_Task requirements_:
Where the lines below hold images, skip those and copy every word exactly.

_Given material_:
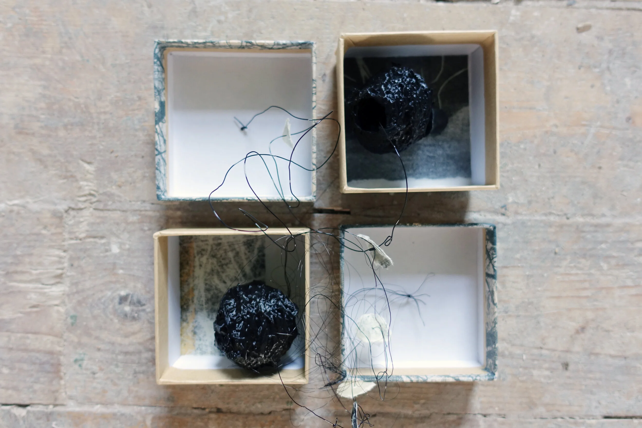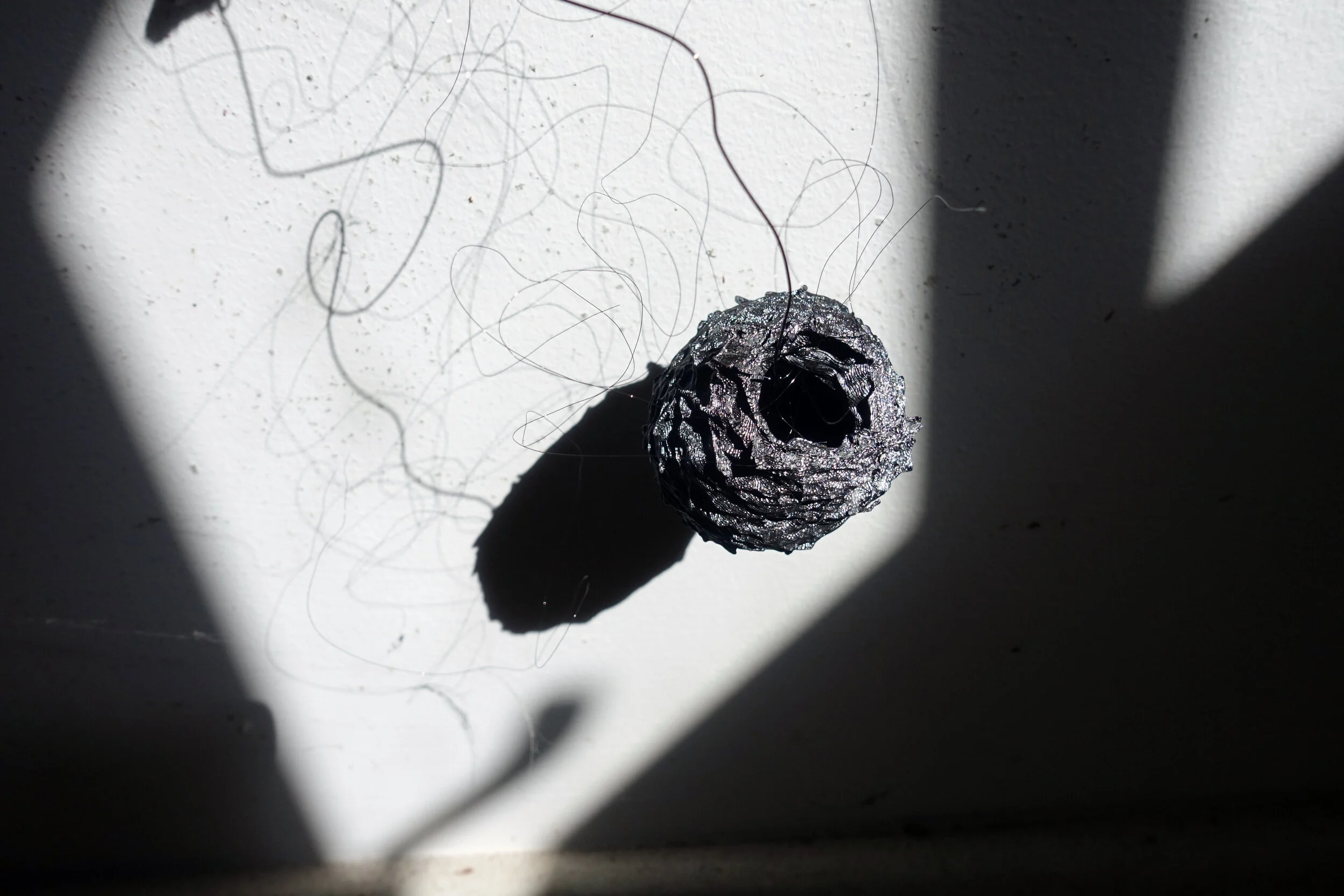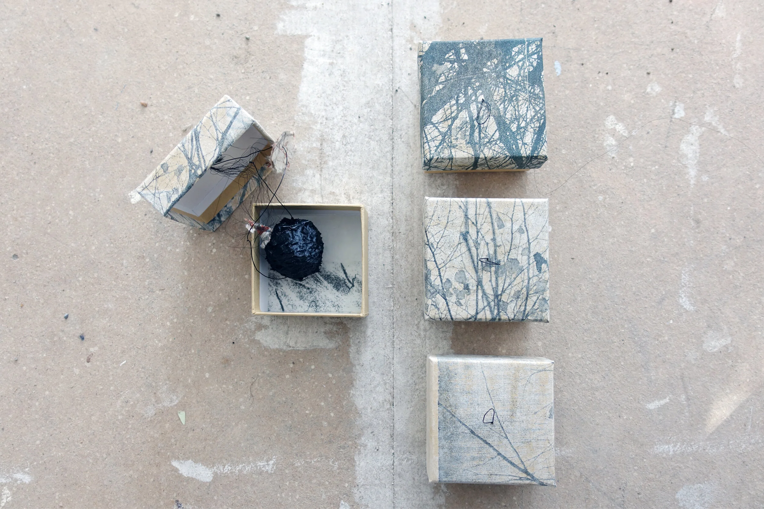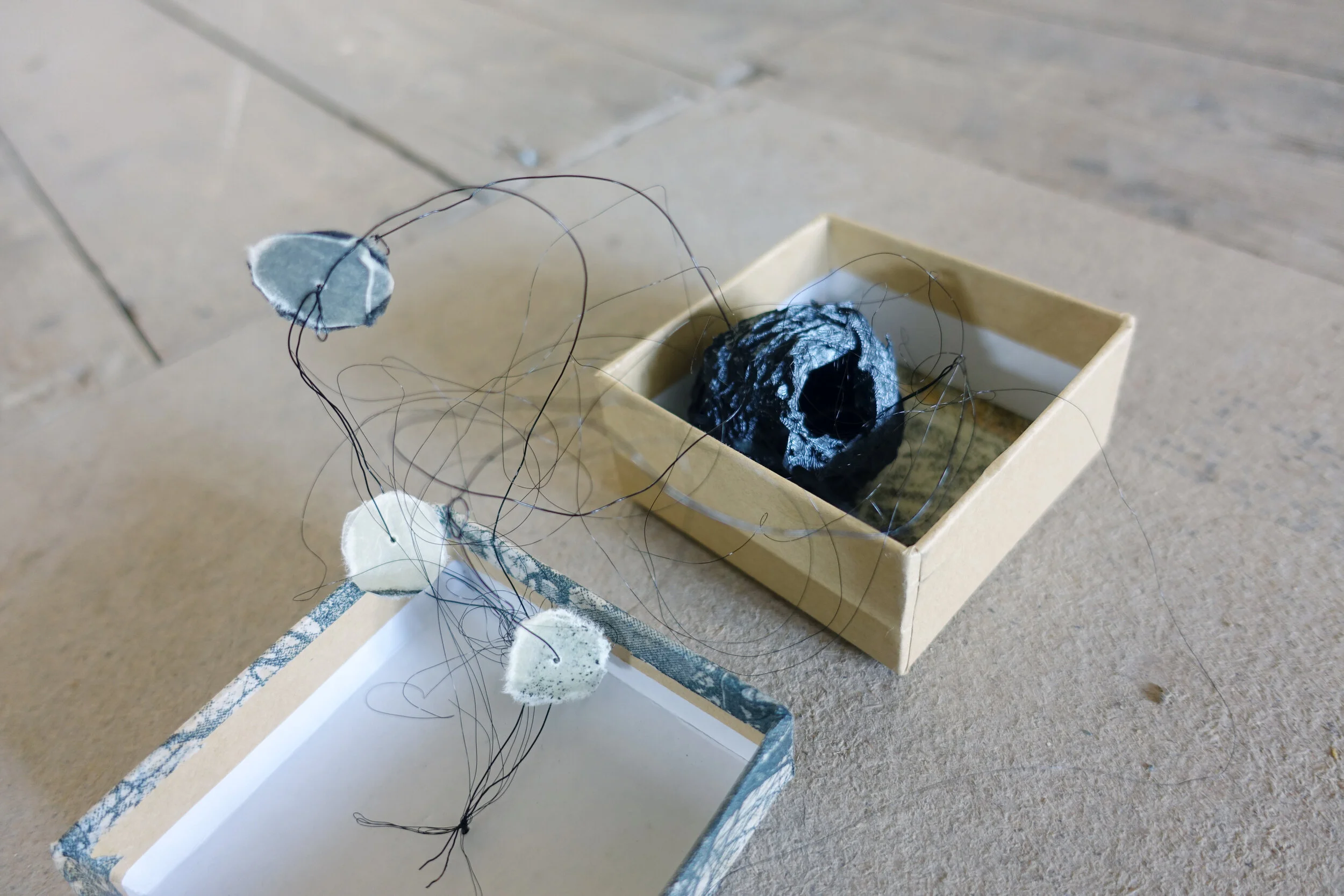 hand printed relief print on paper, 3d print using PLA (a vegetable material), wire, card
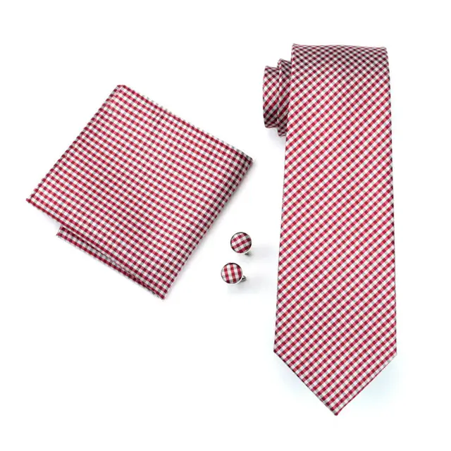 남성 넥타이 클래식 격자 무늬 자카드 짠 100% 실크 브랜드 넥타이 손수건 커프스 세트 웨딩 비즈니스 파티 무료 우표 LS-1037
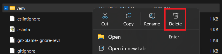 - Delete the venv folder completely.

_Answer space_:
 hand printed relief print on paper, 3d print using PLA (a vegetable material), wire, card
 남성 넥타이 클래식 격자 무늬 자카드 짠 100% 실크 브랜드 넥타이 손수건 커프스 세트 웨딩 비즈니스 파티 무료 우표 LS-1037
 - Delete the venv folder completely.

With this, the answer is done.